Gebet II
Gott ist unendlich mehr als eine Gottesidee, er ist die Gottesmajestät. Er ist auch unendlich mehr als eine wirksame Gotteskraft, er ist die bewusst handelnde Gottes-Souveränität … Seine Offenbarung in Christo ist nicht nur eine Dynamik, sie ist Gottes Dynamis, die Person gewordene Kraft Gottes … Also nur unter der Voraussetzung, dass Gott wirklich Gott ist, hat es einen Sinn, dass der Mensch in seiner Not und in seiner Ohnmacht seine Zuflucht zu ihm nimmt. Nur wenn Gott nach einem Pauluswort alle Dinge in Segen zu verwandeln mag, hat es einen Sinn, sich im Gebet an ihn zu wenden.

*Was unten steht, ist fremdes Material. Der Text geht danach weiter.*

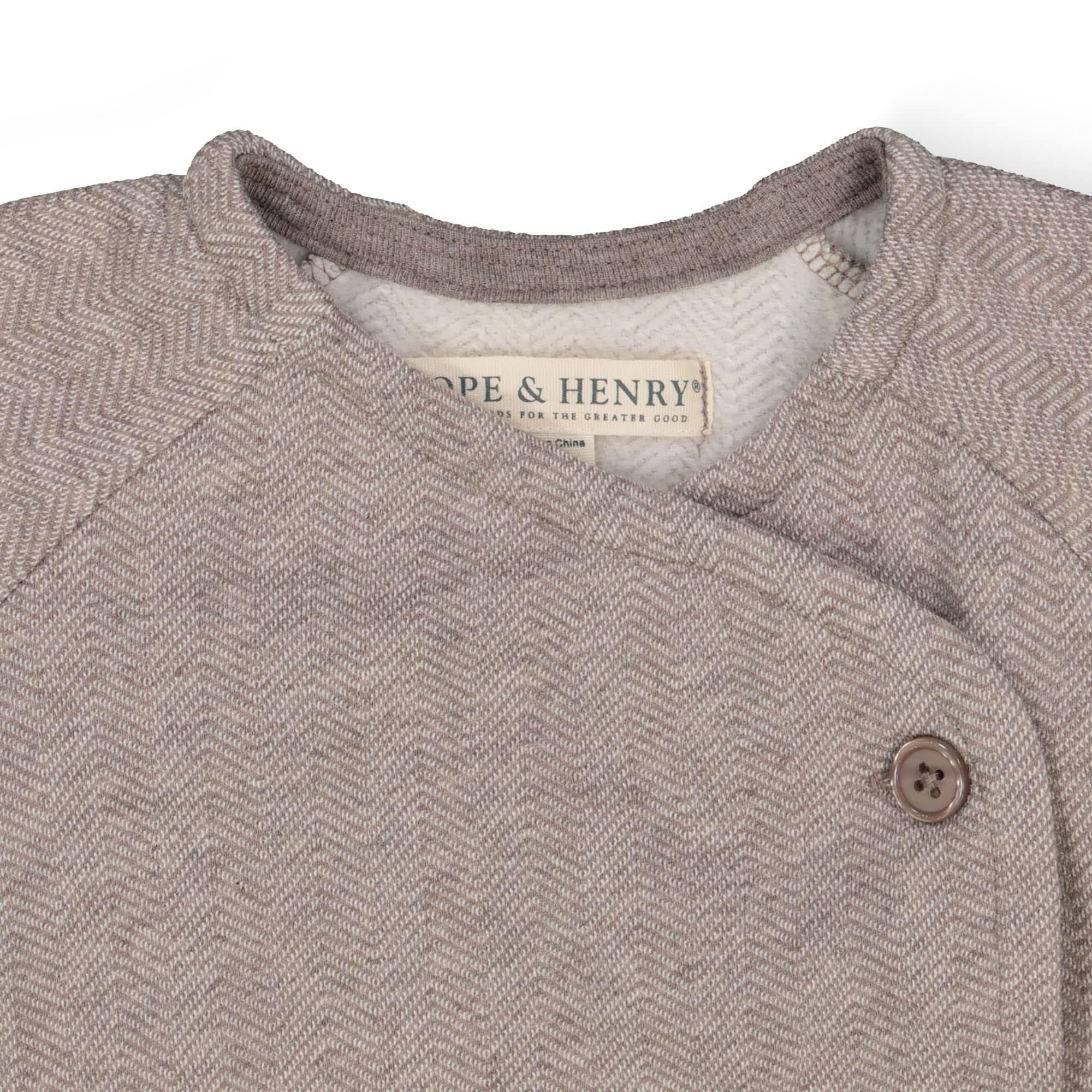 It doesn't get cuter than our coordinating set in soft herringbone jacquard fleece for baby. Features a cozy long sleeve kimono wrap top for ease of dressing baby. A matching legging and pixie bonnet complete the look. The ultimate aww-worthy gift, perfect for a baby girl or boy!

Wenn Gott auch lange nicht alles Flehen und Bitten erfüllt, so darf der Betende dennoch in der Glaubensgewissheit stehen, dass für ihn auch Gottes Nein letzthin nur ein Ja bedeuten muss. Hat man die Zuflucht des Menschen zu Gott auch immer wieder als einen Ausdruck der Schwäche bewertet, in ihr fanden Ringende aber jene weltüberwindenden Kräfte, die sie nie in sich selbst hätten finden können. Auf den Knien sind Siege errungen, Verzweiflungen überwunden, Hoffnungen gewonnen worden, wie sie Zusammengebrochene ohne Gottes Eingreifen nie hätten erleben können.
Zitat-Nr: 1214; Quelle: 6;
Der Inhalt einer solch lebendigen Zwiesprache wird nun immer so mannigfaltig, reich und tief sein, so mannigfaltig reich und tief die Glaubensgemeinschaft eines Menschen mit Gott ist. Denn Menschen, die im Umgang mit Gott stehen, wird letzthin ihr Leben mit seinem reichen, wechselvollen Inhalt zum Anlass ihres Gebets. Sie machen Gott zu ihrem ständigen Seelsorger, dem sie in großer Freimütigkeit auch das Geheimste ihres Lebens anzuvertrauen wagen. Von Martin Luther haben wir das schöne Wort: „Auch ein Seufzerlein eines Christen ist Gebet; so oft er seufzt, so betet er.“
Zitat-Nr: 1215; Quelle: 6;
Gott lebt nicht etwa seiner Souveränität. Sein souveränes Handeln soll vielmehr für den Menschen zu einer Offenbarung werden … Gott führt in seiner Offenbarung auch keine Selbstgespräche. Vielmehr versucht er, im Wort zum Menschen zu kommen, um ihn zu trösten und zu stärken, zu erleuchten und zu leiten; oder aber auch, um ihn zu warnen und in die Entscheidung zu stellen. Und spricht Gott, so spricht er in seiner Offenbarung immer zu bestimmten Personen, zu einer augenblicklichen Lage der Geschichte, zum Betenden in seiner Not. Beten wäre wirklich Unsinn, wenn Gott sein Herrsein über Schöpfung und Geschichte nicht in den Dienst seiner Offenbarung stellen würde.